With that in mind, the states are relying on the All Writs Act, which dates back to the Judiciary Act of 1789, and seek a stay of all of the rule’s deadlines, including the plan submission deadlines. (Petition, at *4.) Requests under the All Writs Act are decided according to the three-pronged “Cheney” test: (1) Is there no adequate alternative to prevent irreparable harm? (2) Are the petitioners clearly and indisputably entitled to relief? (3) In the exercise of the court’s discretion, is the writ appropriate under the circumstances? If the court answers all of those in the affirmative, court may grant the writ ordering the stay requested. The states are, of course, convinced that all of the Cheney factors are satisfied in the instance case. However, by offering all states a two-year extension to the plan submission deadline (until September 2018) as well as having pushed back the first interim compliance date to 2022, the EPA has a decent argument against the states’ claim of impending “irreparable harm”. Additionally, and as discussed in my primer on the Clean Power Plan, it is far from certain that the states will succeed on their claims that the EPA rule was an unlawful exercise of its authority. Therefore, I expect the Court of Appeals for the D.C. Circuit to deny the states’ Emergency Petition for Extraordinary Writ.

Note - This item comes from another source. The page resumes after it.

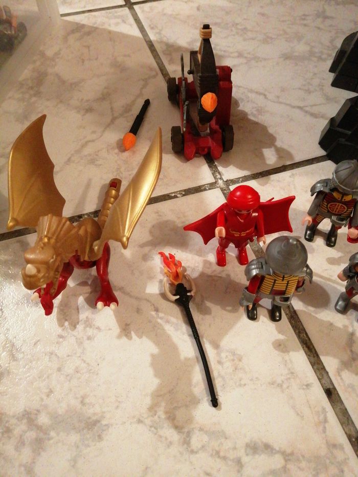 Avec 4 personnages, un dragon doré et de nombreuses armes, Avec une catapulte qui tire des projectiles, Compatible avec la Citadelle secrète du Dragon (Réf. 5480).

As regards the second petition, the Emergency Motion to Consolidate and for Expedited Treatment, what is interesting is the states’ apparent strategy to attempt to get the same Republican-appointed D.C. Circuit judges that handled the trio of cases mentioned in the first paragraph of this post. While the states present their request for consolidation in the common-sense language of efficacy (“considerations of judicial efficiency militate strongly against requiring a new panel to become familiar with these arguments”), E&E News’s Jeremy P. Jacobs pointed out in an excellent article that one of the judges in the previous cases has a history of ruling against the EPA and another judge, in her concurring opinion in In re Murray Corp., seemed open to staying compliance requirements until litigation is resolved. It should be noted that the previous three-judge panel only ruled on procedural grounds and never discussed the merits of the case. Therefore, it is questionable just how much time and effort they spent on the underlying facts of the dispute. Ultimately, a separate panel of judges will likely decide whether the cases will be consolidated. If they are consolidated, though, the states will have won one of the first battles in the coming (probably years of) litigation.